Over the past couple of years Lois and I have experienced
the joy of our connections to Zimbabwe in ways that we never experienced. Here
are two stories, with names changed since they are other people’s stories too.
The first story is in this blog, and the second follows.
A couple of years ago we were approached by a friend (let’s
call her Nomathemba), the daughter of a Zimbabwean couple (we’ll call them
Simba and Dorcas—not their real names) who live here in Manitoba. She wanted to
get engaged to her Mennonite boyfriend (think the usual names here, like
Penner, Plett, Giesbrecht, and so on, and you’ll have the idea). They wanted to
honour her culture as a Zimbabwean in the process, so they came over for supper
and we had a talk about what to do.
Noma’s extended family is back in Zimbabwe, so they asked
Lois if she would be Simba’s sister, and if Lois and I would approach her
parents to introduce her boyfriend and ask if they may become engaged. We
agreed, and then we found that means we had to bless their desire to marry
first, so plied friend Penner (not his real name either) with questions about
his background and their relationship. We were happy to give them our blessing.
So we called Simba and asked if we could come over for
supper and bring the young couple with us. (I’m not used to inviting myself for
a meal, but it worked well.) A few nights later we sat in Simba and Dorcas’
living room, talking with them and the young couple, who had shown up earlier
than they were supposed to. Penner just wasn’t used to waiting until told he
could come in now! A delightful meal followed. (I should invite myself over
more often!)
Then the moment came. Penner and Noma asked us if we could
ask their parents if they could get married. Everyone in the room could hear
the question. So we called Noma’s young brother, Simbarashe over, and asked him
to ask his parents if his sister and Penner could get married. He crossed the
two yards between us and them and asked them the question they had now heard
twice already. Simba and Dorcas huddled together speaking in Shona, then told
young Simbarashe the answer, which the couple could hear plainly. He stepped
back to us and gave us the answer, which all again could hear. Finally we
turned to Penner and Noma and gave them the good news that her parents had
agreed.
After the drama was over, and we had all played our parts,
Simba and Dorcas started reminiscing about the process when they had first gone
to her family.

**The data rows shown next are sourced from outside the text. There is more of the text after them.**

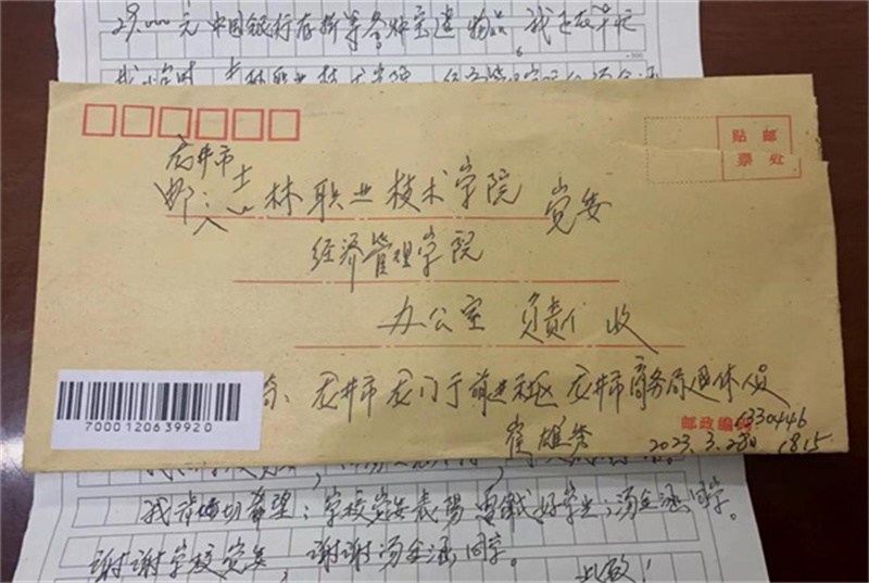 3月28日,我校党委收到一封特别的来信,这是一封致拾金不昧好学生——汤金涵的感谢信。
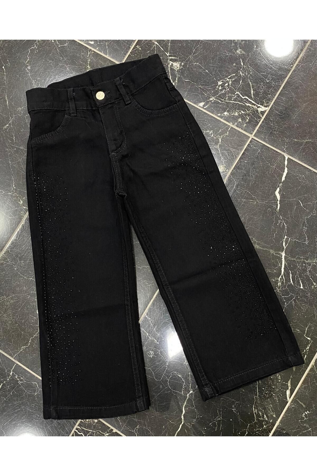 Kız Çocuk Pamuklu Beli Lastikli Jean Pantolon Rahat Kalıp Geniş Bol Paça Taş detaylı Kot Pantolon Siyah - 10-11 Yaş
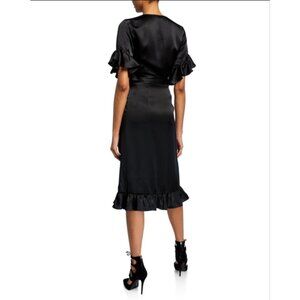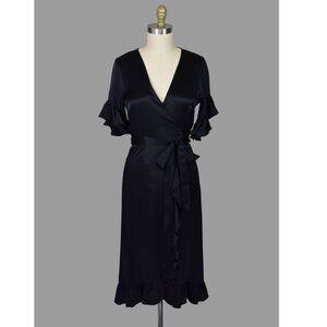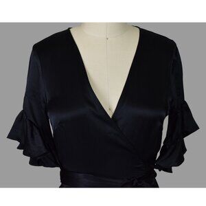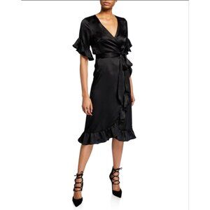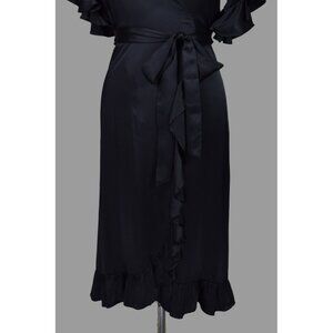 NIGHTCAP CLOTHING 100% SILK RUFFLE WRAP BLACK DRESS

We found out how much dowry (1) he had paid for her, and ways in
which they had negotiated behind the scenes before anything was done in public.
We learned also that usually there would have been all the members of the
family present, and the question would have gone from youngest to oldest
through a chain of all the father’s brothers. Then Simba added, “All of these
people are witnesses of the commitment the couple has made. If they have
trouble later, these are the people they turn to for help.” I was impressed
with the sense that marriage is a real exercise in community.
Simba also told us that the first thing he did when he
learned of their interest was check ancestry.com to make sure that the Penners
and the Moyos are not related. We laughed—Russian Mennonites and the Shona
people of Zimbabwe come from two different worlds, but behind the laughter lies
the awareness that the totem, the clan is important. If one marries inside the
clan, there are further steps one must take to make everything right.
So we are White Americans, who have become White Canadians,
and now thanks to our Zimbabwean friends we are also White Zimbabweans.
Tatenda, Shamwari Simba.
(1) Dowry or Lobola (Ndebele) or Roora (Shona). Not a part of our Canadian customs, but very much part of Zimbabwe.
1 comment:
A very enjoyable and moving story. So, it also takes a village to make a marriage.